A global assessment of V4.0 tropospheric and stratospheric NO₂ products was performed by a thorough evaluation of their consistency with the data from V3.1, which was carefully evaluated in our previous works (e.g., Krotkov et al., 2017; Choi et al., 2020). In addition, we use NO₂ measurements made by independent ground- and aircraft-based instruments to evaluate the V4.0 product. The comparison of OMI total column NO₂ data to collocated Pandora observations at its 18 global network and 20 DISCOVER-AQ locations suggests that OMI and Pandora are generally highly consistent, exhibit similar seasonal variation, and agree within their expected uncertainties of 2.7×10¹⁵ molec. cm⁻² for Pandora (Herman et al., 2009) and ∼ 30 % for OMI under clear-sky conditions (Boersma et al., 2011; Bucsela et al., 2013). Individual data points differ considerably, and OMI tends to be lower than Pandora over highly polluted areas with spatially inhomogeneous NO₂. The comparison of OMI tropospheric NO₂ column retrievals to columns derived from the aircraft spirals and surface data during the DISCOVER-AQ campaign also suggests general agreement in spatial variation, but OMI values are about a factor of 2 lower in polluted environments. This difference is partly due to inaccurate a priori assumptions but primarily to OMI's relatively large pixels. The use of observed NO₂ profiles as a priori information reduces the bias from ∼ 50 % to 23 % on average. A multi-axis differential optical absorption spectrometer (MAX-DOAS) (e.g., Chan et al., 2019) or high-spatial-resolution measurements from aircraft (e.g., Nowlan et al., 2016; Lamsal et al., 2017; Judd et al., 2019) would provide a more comprehensive validation by mapping the NO₂ distributions over the complete areas of aircraft spirals and the satellite FOVs.

In this study, we focused on improving the surface and cloud parameters in the NASA standard NO₂ product retrievals.

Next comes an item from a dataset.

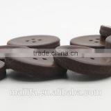 Dark Brown Oval Shape 2 Holes Real Leather Label Button
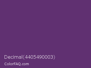 Decimal 4405490003 Color is a normal purple color and the nearest color is Imperial #602f6b. Hex code #603071 and RGB value is rgb(96,48,113). In RGB color space, this color is composed of 38% red, 19% green, 44% blue, In CMYK color space, this color is composed of 15% cyan, 58% magenta, 0% yellow , 56% black , In HSL color space, this color has a hue angle of 284° , 40% saturation and 32% lightness.

To further improve the retrieval accuracy, it is important to incorporate improved retrieval methods and auxiliary information, such as high-resolution a priori NO₂ profiles. For instance, current cloud algorithms based on the MLER model treat aerosols implicitly by providing effective (cloud + aerosol) CRF and effective cloud OCP, both necessary inputs for AMF calculations. Cloud effects on trace gas retrievals can be compromised by unknown aerosol effects, which lead to errors in AMF calculations. Therefore, the use of the GLER product in the NO₂ algorithm will greatly benefit from an explicit accounting for aerosol effects, particularly over polluted regions. We have recently developed an explicit and consistent aerosol correction method that can be applied consistently in both cloud and NO₂ retrievals (Vasilkov et al., 2020); it uses a model of aerosol optical properties from a global aerosol assimilation system paired with radiative transfer calculations. This approach allows us to account for aerosols within the OMI cloud and NO₂ algorithms with relatively small changes and will be used in the next version of the NO₂ algorithm.